Louer un van en Australie : les conseils de voyageurs

L’Australie est à n’en pas douter l’une des terres de prédilection des amateurs de voyages en van (dîtes campervan là-bas !) A l’instar des camping-cars et caravanes, on en voit partout sur les routes. Avec une prédominance des marques asiatiques : Toyota, Kia, Hyundai, Nissan…  Si les backpackers au long cours privilégient souvent l’achat avec revente à la fin du voyage, ceux qui visitent le pays sur de courtes périodes optent plus communément pour la location. Dès lors, comment choisir son van ? Où stationner ? Quid de la circulation à gauche ? Conseils de voyage en pays d’Oz, avec l’aide de nos témoins-baroudeurs.

©️Australie_à_la_carte
1 – LA LOCATION DU VAN

A qui s’adresser ?

Pour la location du van, plusieurs possibilités s’offrent à vous :

–       Il y a bien sûr l’agence de voyage classique. Certaines sont spécialisées sur l’Australie, à l’instar d’Australie Autrement, e-Australie ou Australie à la carte.  En plus de profiter d’une offre complète avec tarifs avantageux sur certaines prestations (aller/retour en avion, hôtel, location du van…), on bénéficie souvent avec ce type d’agence de l’expérience des conseillers, eux-mêmes fins connaisseurs du pays. Le paiement peut aussi être échelonné, sans surcoût. « De manière générale, plus vous prévoyez de voyager longtemps, plus les tarifs sont avantageux », souligne Steeve Calvo*, jeune Parisien parti fin 2015 en Australie et Nouvelle-Zélande pour un road trip d’un mois, via l’agence Le cercle des vacances, qui dispose d’un service dédié à l’Australie.

–       Autre alternative : passer directement par l’une des nombreuses agences de location type Britz, Apollo, Maui, Jucy RentalTravellers Autobarn, Mighty ou l’excentrique Wicked Campers. Les prix varient parfois selon l’âge et l’état du van loué. La propreté intérieure n’est pas toujours au rendez-vous…

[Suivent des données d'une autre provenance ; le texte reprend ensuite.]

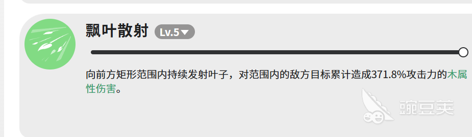 第二个技能叫飘叶散射,LV.5的时候,向前方的矩形范围内持续发射叶子,对范围内的敌人累计造成371.8%攻击力的木属性伤害。这个技能的伤害数值在三个技能里算是最高的,而且是范围攻击,打群怪的时候用起来很舒服。矩形范围意味着覆盖面比较直,打正面的敌人效果最好,侧面的可能会漏掉一些,用的时候注意一下站位。
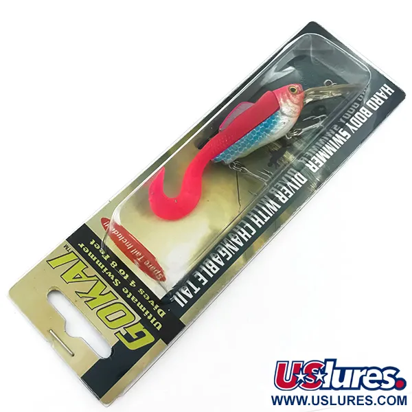 Med sin livfulla fluorescerande röda och blå finish är detta bete ett klassiskt exempel på betesdesign från den amerikanska östkusten, tillverkat av Montauk Mike's Lure Co. i Red Bank, New Jersey. Just denna Montauk Mike's Gokai, med produktkod 5552, är en hybridkonstruktion som kombinerar en hård kropp med en mjuk, utbytbar silikonstjärt. Betet väger 1/2oz (14g) och är 2" (5cm) långt, konstruerat för mångsidighet och specifikt framtaget för att fiska på djup mellan 1,2-2,5m (4-8 fot). Färgsättningen är slående med fluorescerande rött huvud och stjärt, samt en blåfjällig mittsektion som övergår i en ljus buk. Samlare noterar att materialet är UV-aktivt, vilket ökar synligheten i djupt eller grumligt vatten. I originalförpackningen syns en reservstjärt placerad under den genomskinliga dykskeden. Detta exemplar är oanvänt i sin originalförpackning, med tillverkarens kontaktuppgifter och adressen i New Jersey tydligt tryckt på baksidan. Betet är utrustat med en bukkrok (trekantkrok) placerad för att balansera övergången mellan den hårda kroppen och den mjuka stjärten.
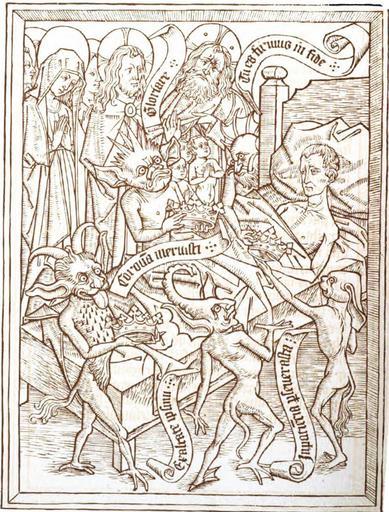 | Keywords: Weigel 07.JPG Artist Gloriare Tu es firmus in fide Coronam meruisti Exalta teipsum In paciencia perseuerasta perseverasti ---- Schriftbänder Sei stolz Du bist stark im Glauben Du hast die Krone verdient Verherrliche dich selbst Du bist in Geduld geübt ---- Banderoles Be proud You are strong in faith You have earned the crown Exalt yourself Persevere in patience Five devils adulate sanctimoniously and offer crowns Mary Christ and God the Father attend the dying man along with saints Three small figures of saved souls at his eye level show that pride can be resisted own PD-old Other versions left thumb Ars moriendi |
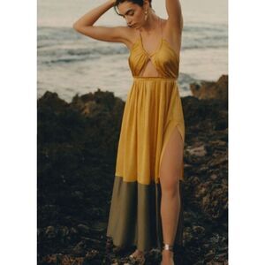 Anthropologie Silk Colorblocked Maxi Dress Gold Size 0 Nwot
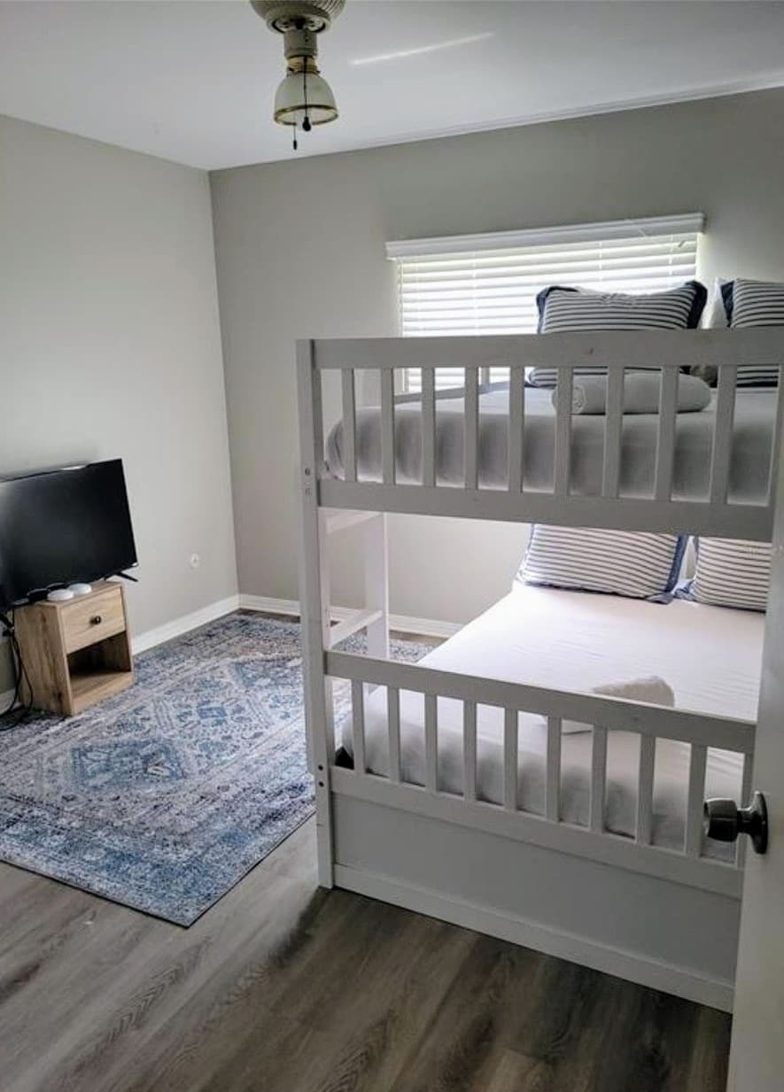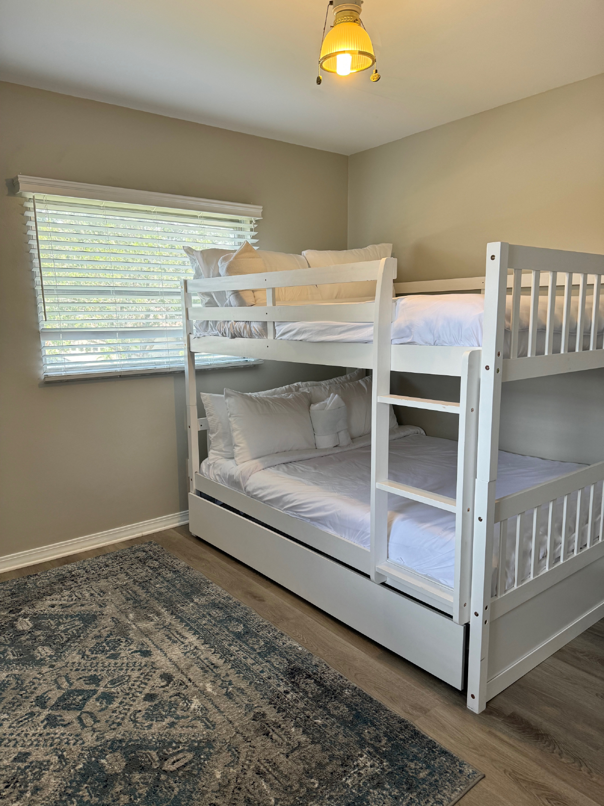 Welcome to our stunning modern home, designed for relaxation and family fun. This spacious retreat features a sunroom and a sparkling pool, offering plenty of room for everyone to enjoy. With ample space, our home is perfect for families. Kids will love the bunk beds, and adults can unwind in the large master suite. Our home boasts contemporary decor and high-end finishes, creating a stylish and comfortable environment for your stay.
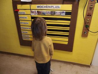 Seit Montag, den 20.11.2023 haben wir unterhalb der Schuli – Treff Pinnwand einen Wochenplan, der bildlich dargestellt wird, für die Kinder frei zugänglich aufgehängt.

–       La solution la plus simple et la plus économique est de se tourner vers des comparateurs. Avec plus de 300 fournisseurs, Motorhome Republic est le plus célèbre d’entre eux et annonce des prix très compétitifs. « Il baisse les marges des grandes agences de location au plus bas et propose des assurances à moindre coût », expliquent sur leur blog Ninon et Kévin*, un jeune couple de globe-trotters qui a sillonné la côte est du pays en 2016 via une location chez ce comparateur. D’autres concurrents existent à l’instar des Français campingcar-online (filiale d’Avis Caraway) et camping-cars Australie. « Nous sommes passés par cette centrale pour chacun de nos quatre voyages en Australie, raconte Luc Maret*, qui a parcouru le pays avec sa femme Myriam pour la dernière fois en 2012. Vous pouvez faire des devis en ligne et les tarifs y sont moins chers que sur les sites des loueurs ! », confirme-t-il.

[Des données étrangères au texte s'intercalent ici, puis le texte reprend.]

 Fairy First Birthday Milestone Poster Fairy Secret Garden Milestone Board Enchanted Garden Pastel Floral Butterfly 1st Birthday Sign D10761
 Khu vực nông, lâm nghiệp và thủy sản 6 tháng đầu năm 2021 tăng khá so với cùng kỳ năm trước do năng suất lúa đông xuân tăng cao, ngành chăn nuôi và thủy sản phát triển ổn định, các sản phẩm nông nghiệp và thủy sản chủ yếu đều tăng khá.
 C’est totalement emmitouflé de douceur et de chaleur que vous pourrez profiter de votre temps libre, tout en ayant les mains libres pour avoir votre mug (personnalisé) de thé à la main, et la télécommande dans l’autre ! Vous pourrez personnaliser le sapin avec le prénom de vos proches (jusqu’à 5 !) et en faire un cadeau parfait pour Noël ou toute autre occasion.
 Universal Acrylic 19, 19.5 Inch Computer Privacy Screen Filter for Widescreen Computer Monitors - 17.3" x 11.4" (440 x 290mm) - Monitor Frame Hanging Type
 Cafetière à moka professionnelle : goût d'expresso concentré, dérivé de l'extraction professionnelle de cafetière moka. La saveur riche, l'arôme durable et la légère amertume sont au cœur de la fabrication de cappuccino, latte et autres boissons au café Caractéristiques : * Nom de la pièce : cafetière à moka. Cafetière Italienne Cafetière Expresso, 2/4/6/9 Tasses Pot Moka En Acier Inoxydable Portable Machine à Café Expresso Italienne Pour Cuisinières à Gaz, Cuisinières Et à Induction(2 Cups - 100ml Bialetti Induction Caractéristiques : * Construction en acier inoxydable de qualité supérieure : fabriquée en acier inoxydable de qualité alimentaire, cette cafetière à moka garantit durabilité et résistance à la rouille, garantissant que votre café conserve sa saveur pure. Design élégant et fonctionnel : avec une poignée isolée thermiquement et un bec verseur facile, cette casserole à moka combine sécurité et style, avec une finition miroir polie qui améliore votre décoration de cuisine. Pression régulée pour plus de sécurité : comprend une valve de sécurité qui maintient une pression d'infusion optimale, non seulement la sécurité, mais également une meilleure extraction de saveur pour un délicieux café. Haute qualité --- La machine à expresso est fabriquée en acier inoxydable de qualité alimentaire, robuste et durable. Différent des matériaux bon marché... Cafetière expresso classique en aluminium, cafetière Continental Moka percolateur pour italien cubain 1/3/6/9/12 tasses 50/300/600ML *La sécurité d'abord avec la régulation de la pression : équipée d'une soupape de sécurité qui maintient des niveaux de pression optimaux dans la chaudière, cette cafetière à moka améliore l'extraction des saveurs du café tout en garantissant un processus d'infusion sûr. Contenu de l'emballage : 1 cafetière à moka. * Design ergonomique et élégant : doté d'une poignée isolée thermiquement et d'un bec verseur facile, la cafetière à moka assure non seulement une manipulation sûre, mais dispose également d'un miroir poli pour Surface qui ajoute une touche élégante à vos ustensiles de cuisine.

Dans tous les cas, prévoyez des frais supplémentaires si vous laissez votre véhicule dans une ville différente du lieu d’arrivée. Comptez en général entre 100 et 300 dollars australiens (AU $). L’option deuxième conducteur est aussi à prévoir.

Les formats de vans sont très variables, du plus petit au plus spacieux pour 4 ou 5 personnes ©️Ausandnztravel.com

Quand partir ?

Le choix de la saison est également important.

–       De mai à juillet, c’est l’hiver en Australie et les températures peuvent s’avérer douces voire froides, notamment au Sud. La nuit tombe aussi plus tôt.

–       « Vous aurez des tarifs moins élevés si vous partez au printemps – de septembre à novembre – la meilleure saison selon nous », tranche Luc Maret. Même son de cloche du côté de chez Steve Calvo. « Pour ma part, assure-t-il, je suis arrivé à Melbourne au mois de novembre pour éviter les grosses chaleurs de janvier-février mais aussi pour profiter de tarifs plus avantageux qu’en plein été et au moment de l’Open d’Australie. »

–       Attention par ailleurs aux disponibilités des vans pendant la haute saison. De novembre à février, période qui correspond à l’été là-bas, les vans sont pris d’assaut. Mieux vaut donc s’y prendre à l’avance !

Quelle assurance ?

Plus encore avec la barrière de la langue, la question de l’assurance est souvent difficile à appréhender. Néanmoins, on retrouve généralement trois types d’assurance en Australie :

–       L’assurance standard – Obligatoire et gratuite, elle couvre les dommages corporels causés à autrui mais laisse les dommages matériels à votre charge. La caution, qui correspond au montant maximal à payer en cas de réparations, peut varier généralement de 2000 à 7500 AU $, selon les véhicules et assureurs.

–       L’assurance intermédiaire avec franchise réduite – Aux conditions variables selon les agences, cette assurance permet de réduire la caution – souvent autour de 500 AU $ – et vous offre une protection intermédiaire.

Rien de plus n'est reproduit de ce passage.